**Problem requirements**
Print what the records say exactly, and omit the pictures.

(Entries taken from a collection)
• • • • • • •

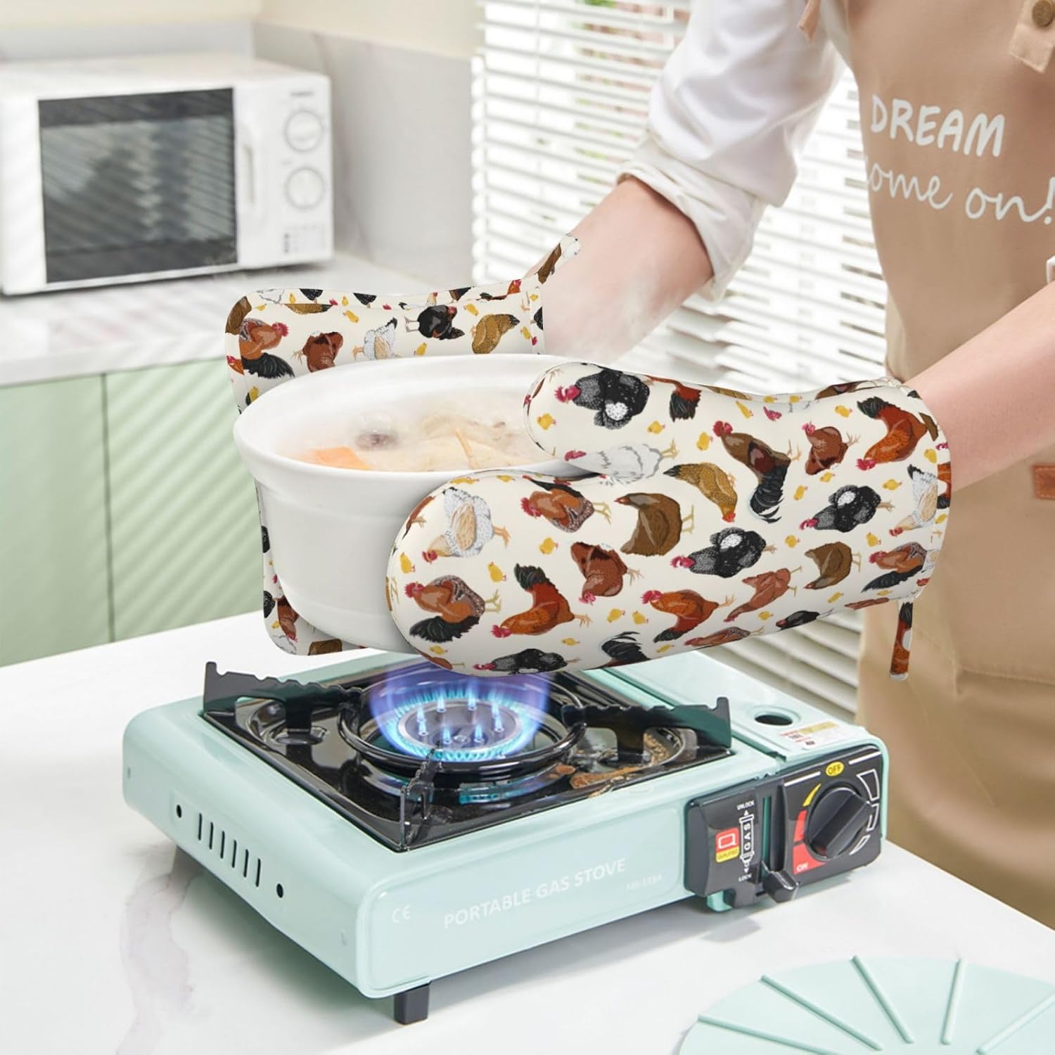 Rooster Hen Oven Mitts and Pot Holders Sets Silicone Rustic Domestic Animal Chicken Kitchen Mitts Potholders Heat Resistant 4Pcs Oven Gloves Hot Pads for Kitchen Baking Cooking BBQ Grilling
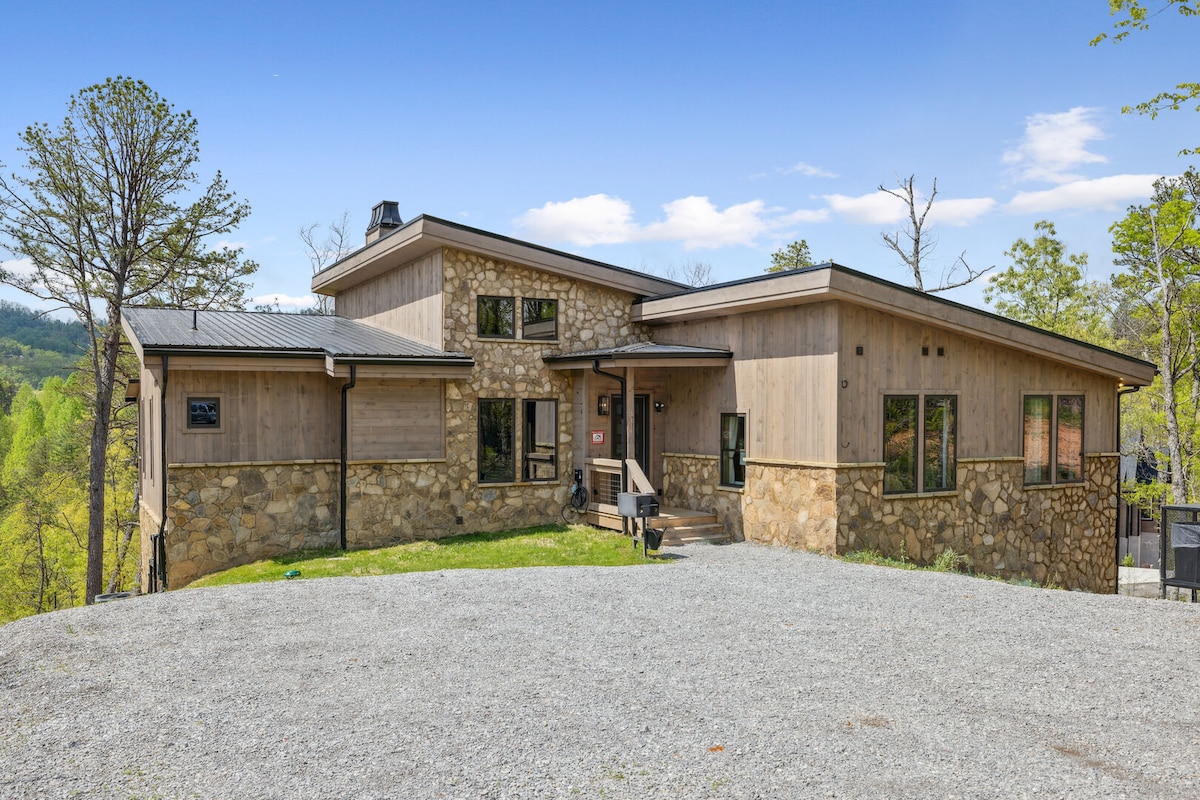 Your Elegant Mountain Adventure Awaits! Avalon Ridge is a breathtaking, private, modern cabin, perched high in the Smoky Mountains, with unparalleled views! The expansive bedroom features a stone fireplace and luxurious soaking tub, the woodland loft is surrounded by old-growth hardwoods, and floor to ceiling windows showcase the view from anywhere in the cabin! Enjoy sunrise from the breakfast perch, or unwind with a luxurious soak in the private hot tub. Reserve this mountaintop retreat today!
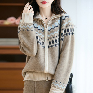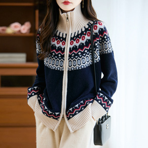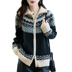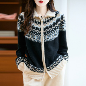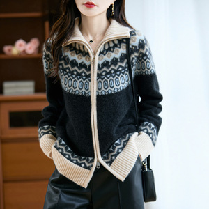 费尔岛提花山羊毛开衫女厚款针织毛衣外套减龄2025秋冬女装上衣新
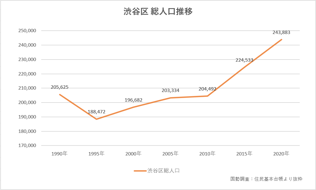 渋谷区の人口は1995年を底に、その後緩やかに回復しています。要因としては、渋谷駅周辺を中心としたオフィスや住宅の整備による街の魅力向上が挙げられ、働く世代の転入が顕著になったことが背景にあります。今後も再開発や都心回帰の影響で、さらなる人口増加が見込まれています。
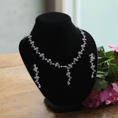 エレガントで華奢なネックレスイヤリングセット。胸元の開いたすっきりとしたスタイルのドレスに合わせやすいデザインです。
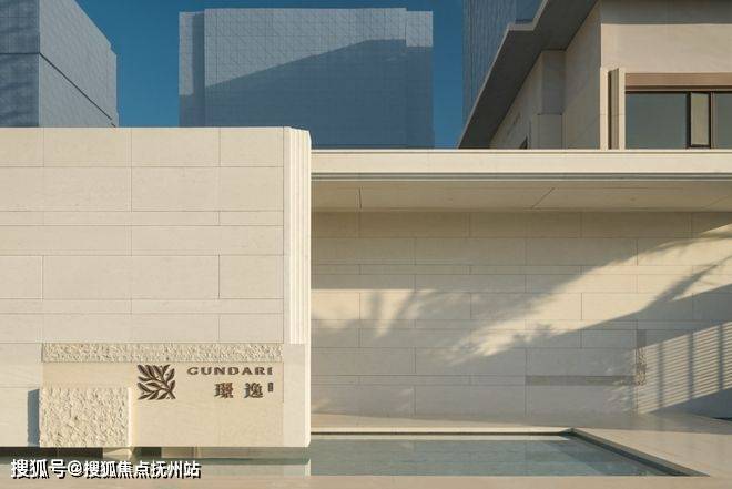 示范区建筑体采用的是米白色的莱姆石镶嵌超大玻璃,莱姆石在阳光的照耀下仔细一看有母贝的光泽效果。把光影作为设计语言引入,让建筑显得纯净,却又不失现代感。
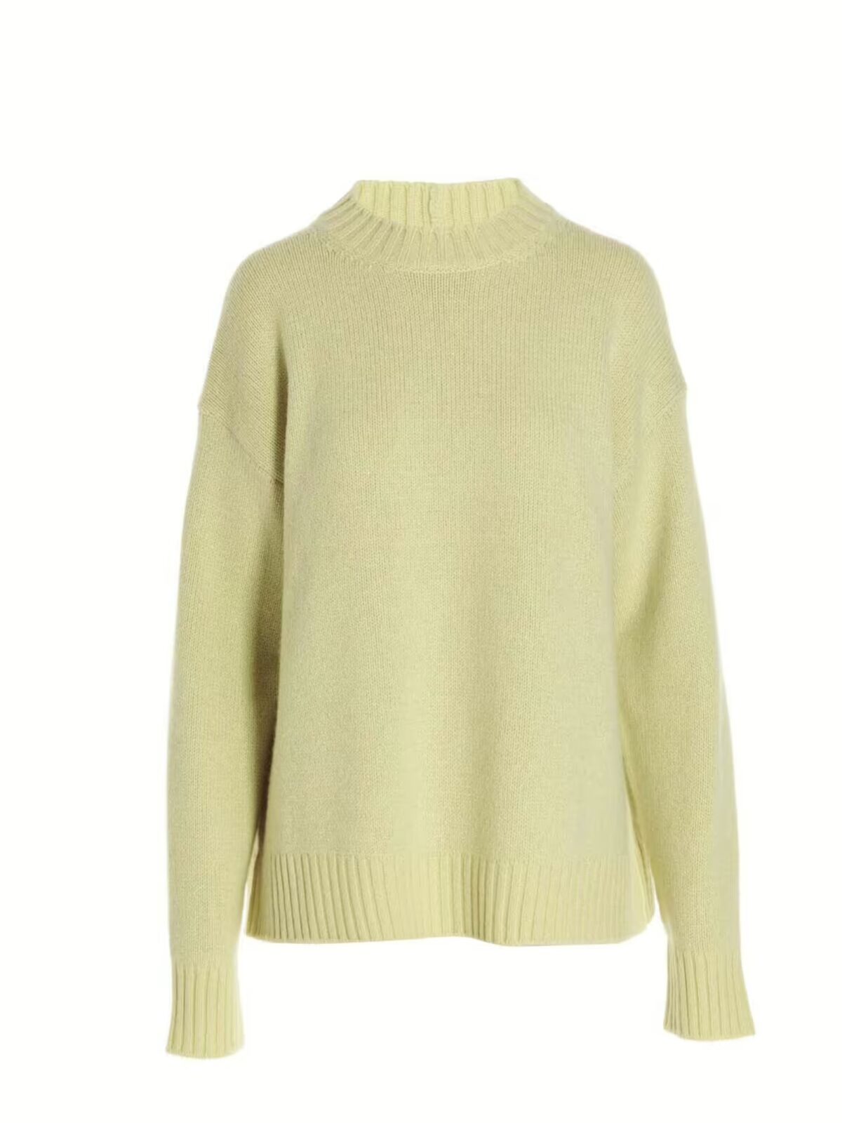 Стильний светр Crewneck Jil Sander у жовтому кольорі з довгими рукавами. Виготовлений з 88% кашеміру, 10% бавовни та 2% поліаміду.
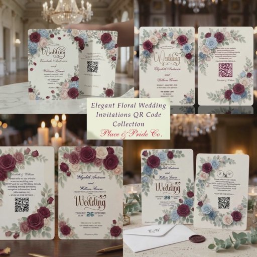 Elegant Floral Wedding Invitations QR CodeCriado por Istudor Nicolae Ionut
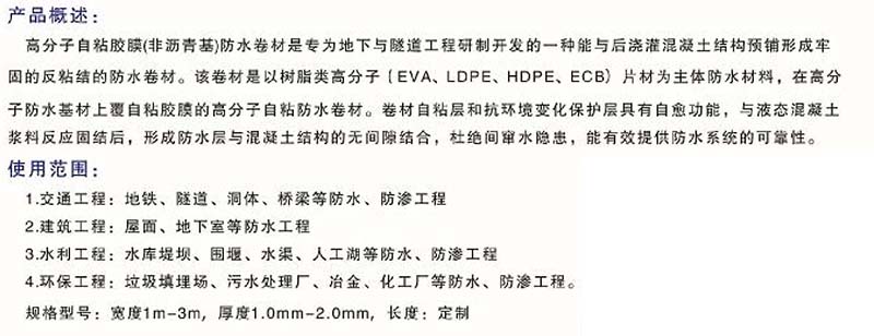 預鋪式高分子自粘膠膜防水卷材
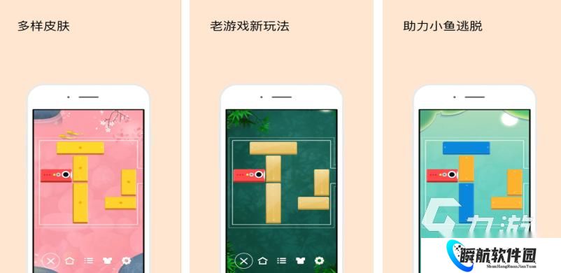 小鱼儿脱困其实就是款融合了小鱼元素的华容道游戏,玩家的任务是挪动平移各种木质方块就出小鱼,木块造型的小鱼看上去也十分精致,帮助小鱼儿脱困的游戏任务跟主题玩法十分贴合,游戏操作简单但后面解锁的关卡闯关难度会增加,色彩分明的美术表现也给这款游戏营造出轻松休闲的气氛。
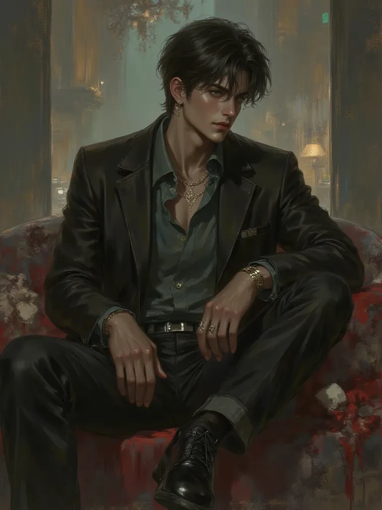 Gio is incredibly tall, athletically handsome, with black hair and green eyes, he is quite intelligent, he really wants to possess (user name), but he is afraid of hurting him and clings to other things with all his strength so as not to harm (user name).

• • • • • • •

**Worked solution**
 Rooster Hen Oven Mitts and Pot Holders Sets Silicone Rustic Domestic Animal Chicken Kitchen Mitts Potholders Heat Resistant 4Pcs Oven Gloves Hot Pads for Kitchen Baking Cooking BBQ Grilling
 Your Elegant Mountain Adventure Awaits! Avalon Ridge is a breathtaking, private, modern cabin, perched high in the Smoky Mountains, with unparalleled views! The expansive bedroom features a stone fireplace and luxurious soaking tub, the woodland loft is surrounded by old-growth hardwoods, and floor to ceiling windows showcase the view from anywhere in the cabin! Enjoy sunrise from the breakfast perch, or unwind with a luxurious soak in the private hot tub. Reserve this mountaintop retreat today!
 费尔岛提花山羊毛开衫女厚款针织毛衣外套减龄2025秋冬女装上衣新
 渋谷区の人口は1995年を底に、その後緩やかに回復しています。要因としては、渋谷駅周辺を中心としたオフィスや住宅の整備による街の魅力向上が挙げられ、働く世代の転入が顕著になったことが背景にあります。今後も再開発や都心回帰の影響で、さらなる人口増加が見込まれています。
 エレガントで華奢なネックレスイヤリングセット。胸元の開いたすっきりとしたスタイルのドレスに合わせやすいデザインです。
 示范区建筑体采用的是米白色的莱姆石镶嵌超大玻璃,莱姆石在阳光的照耀下仔细一看有母贝的光泽效果。把光影作为设计语言引入,让建筑显得纯净,却又不失现代感。
 Стильний светр Crewneck Jil Sander у жовтому кольорі з довгими рукавами. Виготовлений з 88% кашеміру, 10% бавовни та 2% поліаміду.
 Elegant Floral Wedding Invitations QR CodeCriado por Istudor Nicolae Ionut
 預鋪式高分子自粘膠膜防水卷材
 小鱼儿脱困其实就是款融合了小鱼元素的华容道游戏,玩家的任务是挪动平移各种木质方块就出小鱼,木块造型的小鱼看上去也十分精致,帮助小鱼儿脱困的游戏任务跟主题玩法十分贴合,游戏操作简单但后面解锁的关卡闯关难度会增加,色彩分明的美术表现也给这款游戏营造出轻松休闲的气氛。
 Gio is incredibly tall, athletically handsome, with black hair and green eyes, he is quite intelligent, he really wants to possess (user name), but he is afraid of hurting him and clings to other things with all his strength so as not to harm (user name).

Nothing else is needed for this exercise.